A few years ago, I attended a session put on by Dave Burgess at a social studies conference. I had never heard of him before, but the description of the session seemed like something I wanted to attend. Upon my arrival at the session, I could tell that many people had recognized his name and that I had picked a popular session. By the time the session began, people were standing along the walls of the very, very, large room in order to hear Dave present. I had learned that Dave was the author of a book entitled Teach Like a Pirate, (and true to his word, he conducted his presentation in a pirate costume), so I had put that book on my mental list of items to read. This year, I finally read that book and it came at a good time!
Now that I am in my 8th year of teaching, it can become very easy to turn to the trusty old manila folders. This is especially appealing when there are small children and a home to be tended to do. When reading this book, I was able to breathe new life into even existing lesson plans without having to devote a lot of time I did not necessarily have. Within this book, Burgess lists many, many, many, questions you can ask yourself when planning lessons.
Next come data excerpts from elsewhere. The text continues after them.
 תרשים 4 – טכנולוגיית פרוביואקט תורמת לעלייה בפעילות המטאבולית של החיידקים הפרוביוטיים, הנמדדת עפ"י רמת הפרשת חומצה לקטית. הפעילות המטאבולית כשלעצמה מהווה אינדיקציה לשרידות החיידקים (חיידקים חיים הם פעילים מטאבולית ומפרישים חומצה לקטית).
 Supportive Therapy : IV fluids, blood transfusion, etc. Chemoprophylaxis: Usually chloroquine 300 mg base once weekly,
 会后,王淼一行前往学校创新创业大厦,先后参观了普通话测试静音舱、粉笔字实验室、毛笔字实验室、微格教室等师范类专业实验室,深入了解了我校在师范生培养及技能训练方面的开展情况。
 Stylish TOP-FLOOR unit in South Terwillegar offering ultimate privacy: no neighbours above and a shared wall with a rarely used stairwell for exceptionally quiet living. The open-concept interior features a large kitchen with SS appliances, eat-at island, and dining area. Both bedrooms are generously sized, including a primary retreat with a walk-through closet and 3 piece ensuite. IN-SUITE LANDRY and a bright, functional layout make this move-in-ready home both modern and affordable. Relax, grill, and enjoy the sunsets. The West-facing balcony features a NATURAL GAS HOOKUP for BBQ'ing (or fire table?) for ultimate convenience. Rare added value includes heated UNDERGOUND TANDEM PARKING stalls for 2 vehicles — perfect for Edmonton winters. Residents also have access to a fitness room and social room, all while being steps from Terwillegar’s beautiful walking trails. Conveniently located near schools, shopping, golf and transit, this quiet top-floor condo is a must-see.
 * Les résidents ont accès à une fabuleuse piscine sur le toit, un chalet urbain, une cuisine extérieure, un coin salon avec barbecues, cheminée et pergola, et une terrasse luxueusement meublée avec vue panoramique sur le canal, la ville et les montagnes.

This includes, "How can I use a competition to build excitement and motivation?", "What would be the perfect song or type of music to create the right mood and proper atmosphere?", "How can I most effectively use music as they enter the room?", "How can I get my class outside these four walls for my lesson?" and "Can we get up and act something out?". These were just a few of the questions that inspired me to add a little extra here and there to make my class more engaging. These little touches paid off big time. My students were up moving more often when we used a space besides the classroom and were hooked into the days lesson before the bell rang with the use of music. Not everything was seamless, though. It can be difficult to find space for 25+ kids and still be able to manage them all and using music was easy for me as a history teacher.
In addition to these small changes, I was also able to add in some bigger activities. Burgess mentioned turning his room into something besides a classroom. I had always had simulations throughout the school year, but also looking for new ideas. This year, for the first time, I had turned my classroom into a 1920's speakeasy. Students had to use the password to get in (and everyone wanted in to see what was going on) and once in they were offered otherwise "forbidden" regular pop and chips. It cost a little money, but was a great day. I also received grief from former students on why their classes did not get to do this, a sure sign of a great activity! I highly recommend Teach Like a Pirate to invigorate your lessons!